**Your goal**.
When you copy the entries, omit the images and keep every word as it is.

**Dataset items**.
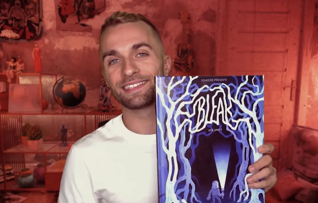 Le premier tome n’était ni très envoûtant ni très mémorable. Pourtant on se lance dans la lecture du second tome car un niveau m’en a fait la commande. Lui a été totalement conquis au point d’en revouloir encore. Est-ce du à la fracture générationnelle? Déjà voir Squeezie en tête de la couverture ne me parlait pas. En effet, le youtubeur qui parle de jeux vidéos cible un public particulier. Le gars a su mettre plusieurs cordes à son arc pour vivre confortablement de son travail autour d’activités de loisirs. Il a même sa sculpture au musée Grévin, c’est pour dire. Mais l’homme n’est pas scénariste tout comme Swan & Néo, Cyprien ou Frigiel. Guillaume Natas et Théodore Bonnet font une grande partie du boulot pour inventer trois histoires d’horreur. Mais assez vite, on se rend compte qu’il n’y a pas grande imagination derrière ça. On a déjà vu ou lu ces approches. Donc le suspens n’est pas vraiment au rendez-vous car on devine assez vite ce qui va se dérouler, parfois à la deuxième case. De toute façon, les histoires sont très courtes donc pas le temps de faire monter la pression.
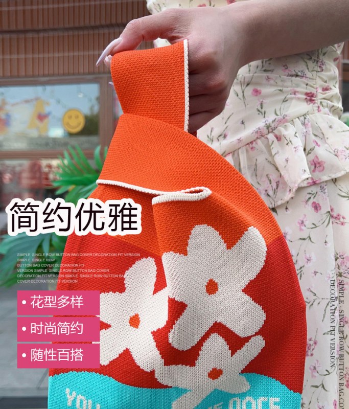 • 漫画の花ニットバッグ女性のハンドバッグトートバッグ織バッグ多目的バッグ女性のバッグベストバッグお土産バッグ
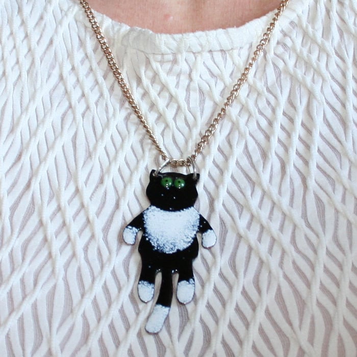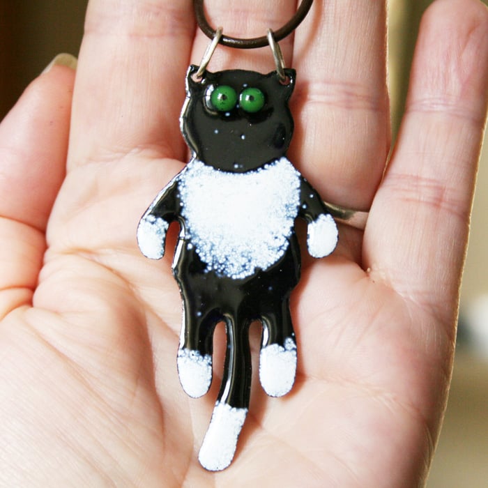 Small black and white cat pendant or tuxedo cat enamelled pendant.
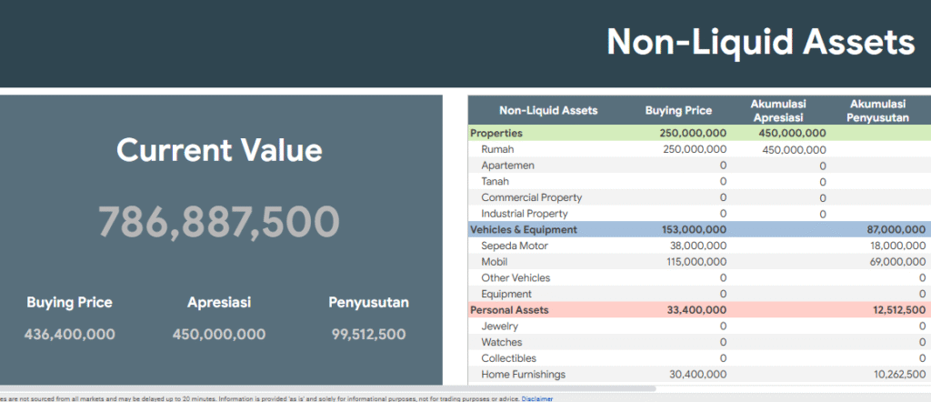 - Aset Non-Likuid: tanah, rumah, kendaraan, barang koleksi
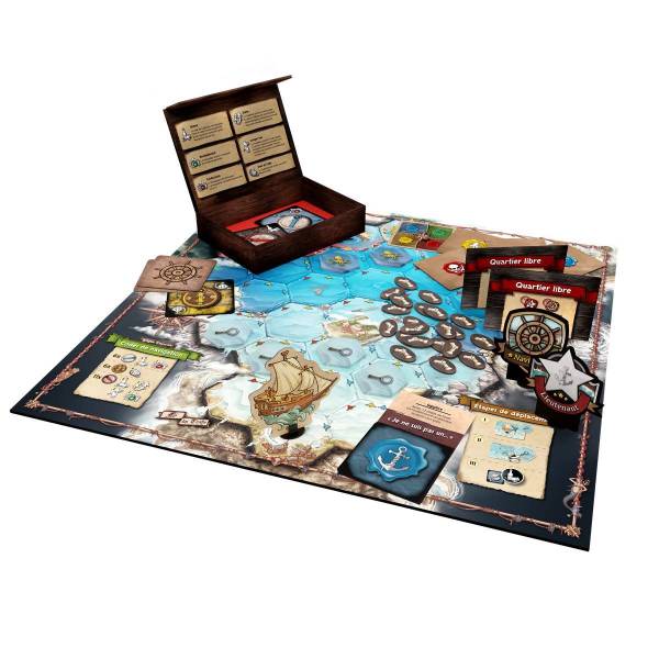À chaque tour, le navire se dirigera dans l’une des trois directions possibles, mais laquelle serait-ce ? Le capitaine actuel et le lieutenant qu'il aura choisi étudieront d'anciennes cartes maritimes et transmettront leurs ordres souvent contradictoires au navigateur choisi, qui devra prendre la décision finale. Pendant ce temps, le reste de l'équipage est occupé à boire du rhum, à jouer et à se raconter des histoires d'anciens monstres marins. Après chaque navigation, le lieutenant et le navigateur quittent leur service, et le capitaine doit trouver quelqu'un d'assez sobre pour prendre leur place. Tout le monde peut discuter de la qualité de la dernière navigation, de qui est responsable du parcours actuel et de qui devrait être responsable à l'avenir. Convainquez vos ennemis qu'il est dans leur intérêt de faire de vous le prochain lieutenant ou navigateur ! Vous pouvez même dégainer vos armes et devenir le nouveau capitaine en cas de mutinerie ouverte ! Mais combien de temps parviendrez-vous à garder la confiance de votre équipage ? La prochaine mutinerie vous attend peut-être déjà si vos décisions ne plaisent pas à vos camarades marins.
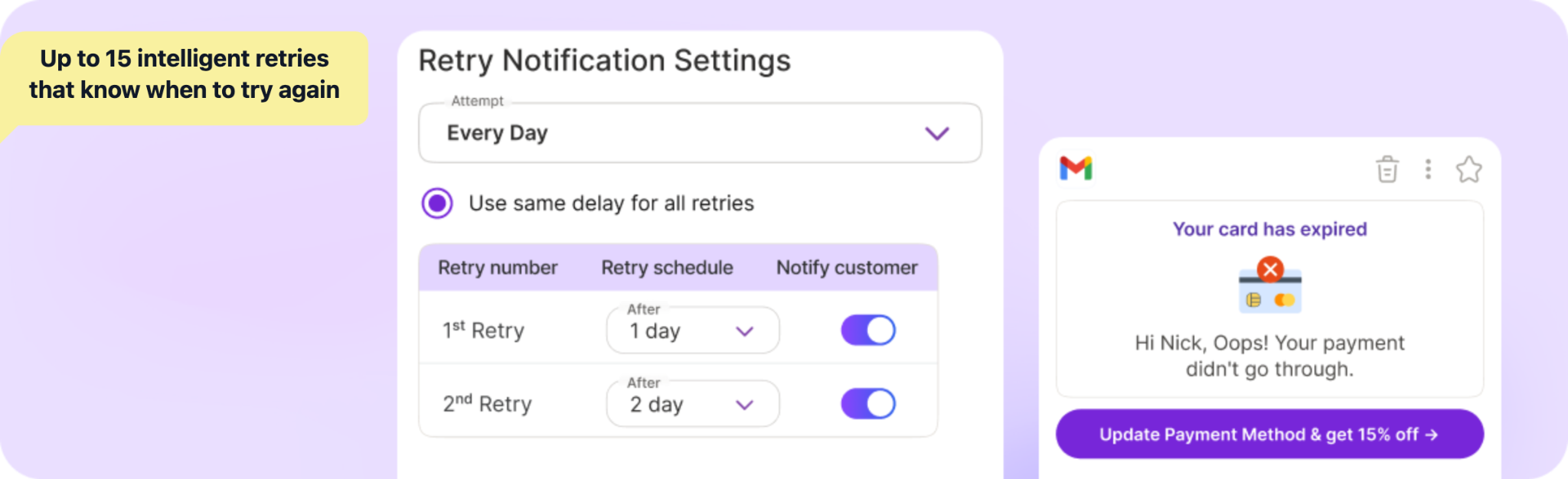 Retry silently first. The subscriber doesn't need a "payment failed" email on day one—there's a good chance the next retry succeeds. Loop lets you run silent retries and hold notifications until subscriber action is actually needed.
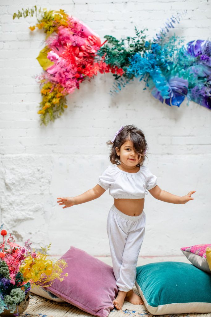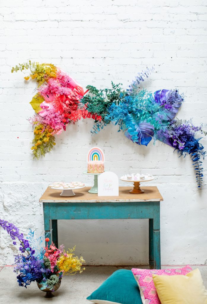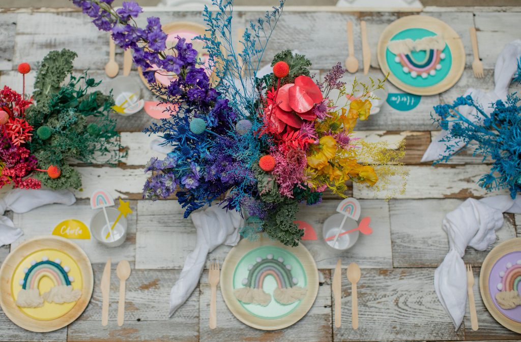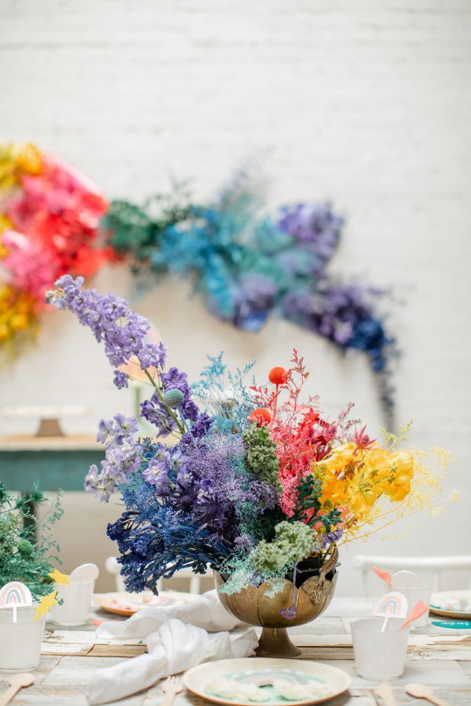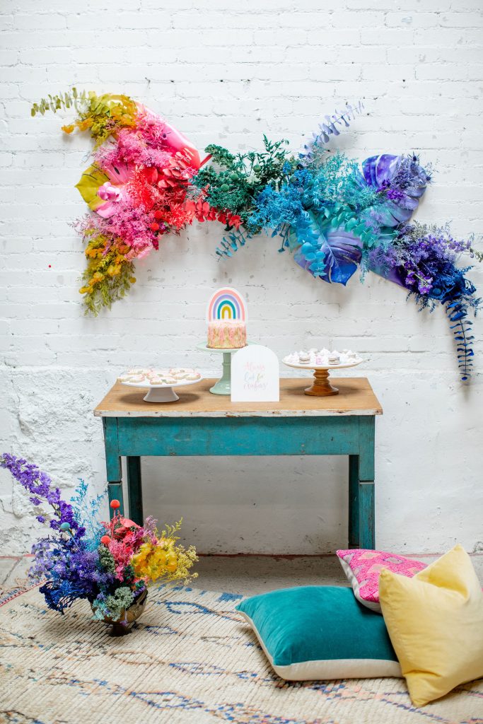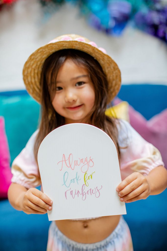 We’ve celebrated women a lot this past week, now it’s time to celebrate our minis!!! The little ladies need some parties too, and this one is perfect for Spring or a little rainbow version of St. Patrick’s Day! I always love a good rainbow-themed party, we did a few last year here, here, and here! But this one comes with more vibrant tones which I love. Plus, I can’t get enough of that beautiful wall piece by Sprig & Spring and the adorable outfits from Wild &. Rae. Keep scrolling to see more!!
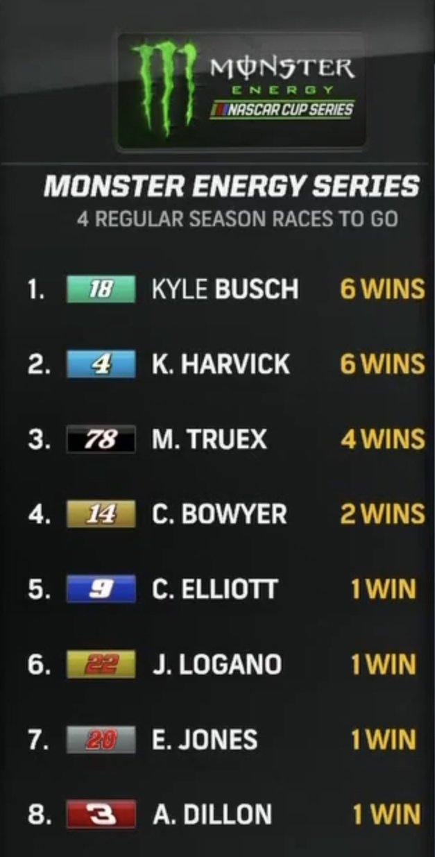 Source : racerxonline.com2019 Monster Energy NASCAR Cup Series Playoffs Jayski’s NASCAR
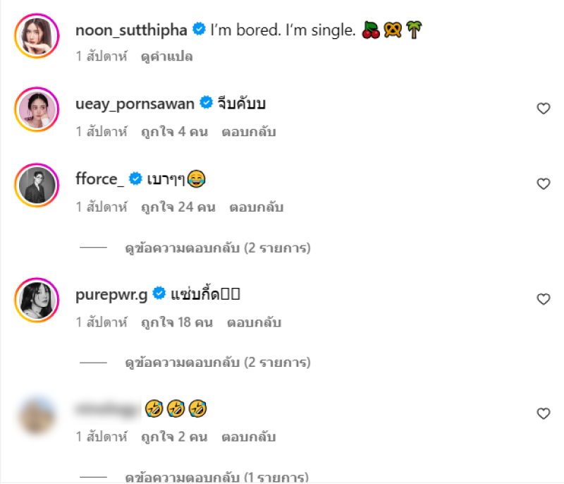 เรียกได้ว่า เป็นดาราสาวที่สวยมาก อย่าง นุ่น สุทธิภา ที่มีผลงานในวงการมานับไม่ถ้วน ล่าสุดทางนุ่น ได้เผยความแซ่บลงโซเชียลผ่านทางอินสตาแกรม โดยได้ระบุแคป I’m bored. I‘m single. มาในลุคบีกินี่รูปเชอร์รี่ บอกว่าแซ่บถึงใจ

**Reply**.
 Le premier tome n’était ni très envoûtant ni très mémorable. Pourtant on se lance dans la lecture du second tome car un niveau m’en a fait la commande. Lui a été totalement conquis au point d’en revouloir encore. Est-ce du à la fracture générationnelle? Déjà voir Squeezie en tête de la couverture ne me parlait pas. En effet, le youtubeur qui parle de jeux vidéos cible un public particulier. Le gars a su mettre plusieurs cordes à son arc pour vivre confortablement de son travail autour d’activités de loisirs. Il a même sa sculpture au musée Grévin, c’est pour dire. Mais l’homme n’est pas scénariste tout comme Swan & Néo, Cyprien ou Frigiel. Guillaume Natas et Théodore Bonnet font une grande partie du boulot pour inventer trois histoires d’horreur. Mais assez vite, on se rend compte qu’il n’y a pas grande imagination derrière ça. On a déjà vu ou lu ces approches. Donc le suspens n’est pas vraiment au rendez-vous car on devine assez vite ce qui va se dérouler, parfois à la deuxième case. De toute façon, les histoires sont très courtes donc pas le temps de faire monter la pression.
 • 漫画の花ニットバッグ女性のハンドバッグトートバッグ織バッグ多目的バッグ女性のバッグベストバッグお土産バッグ
 Small black and white cat pendant or tuxedo cat enamelled pendant.
 - Aset Non-Likuid: tanah, rumah, kendaraan, barang koleksi
À chaque tour, le navire se dirigera dans l’une des trois directions possibles, mais laquelle serait-ce ? Le capitaine actuel et le lieutenant qu'il aura choisi étudieront d'anciennes cartes maritimes et transmettront leurs ordres souvent contradictoires au navigateur choisi, qui devra prendre la décision finale. Pendant ce temps, le reste de l'équipage est occupé à boire du rhum, à jouer et à se raconter des histoires d'anciens monstres marins. Après chaque navigation, le lieutenant et le navigateur quittent leur service, et le capitaine doit trouver quelqu'un d'assez sobre pour prendre leur place. Tout le monde peut discuter de la qualité de la dernière navigation, de qui est responsable du parcours actuel et de qui devrait être responsable à l'avenir. Convainquez vos ennemis qu'il est dans leur intérêt de faire de vous le prochain lieutenant ou navigateur ! Vous pouvez même dégainer vos armes et devenir le nouveau capitaine en cas de mutinerie ouverte ! Mais combien de temps parviendrez-vous à garder la confiance de votre équipage ? La prochaine mutinerie vous attend peut-être déjà si vos décisions ne plaisent pas à vos camarades marins.
 Retry silently first. The subscriber doesn't need a "payment failed" email on day one—there's a good chance the next retry succeeds. Loop lets you run silent retries and hold notifications until subscriber action is actually needed.
 We’ve celebrated women a lot this past week, now it’s time to celebrate our minis!!! The little ladies need some parties too, and this one is perfect for Spring or a little rainbow version of St. Patrick’s Day! I always love a good rainbow-themed party, we did a few last year here, here, and here! But this one comes with more vibrant tones which I love. Plus, I can’t get enough of that beautiful wall piece by Sprig & Spring and the adorable outfits from Wild &. Rae. Keep scrolling to see more!!
 Source : racerxonline.com2019 Monster Energy NASCAR Cup Series Playoffs Jayski’s NASCAR
 เรียกได้ว่า เป็นดาราสาวที่สวยมาก อย่าง นุ่น สุทธิภา ที่มีผลงานในวงการมานับไม่ถ้วน ล่าสุดทางนุ่น ได้เผยความแซ่บลงโซเชียลผ่านทางอินสตาแกรม โดยได้ระบุแคป I’m bored. I‘m single. มาในลุคบีกินี่รูปเชอร์รี่ บอกว่าแซ่บถึงใจ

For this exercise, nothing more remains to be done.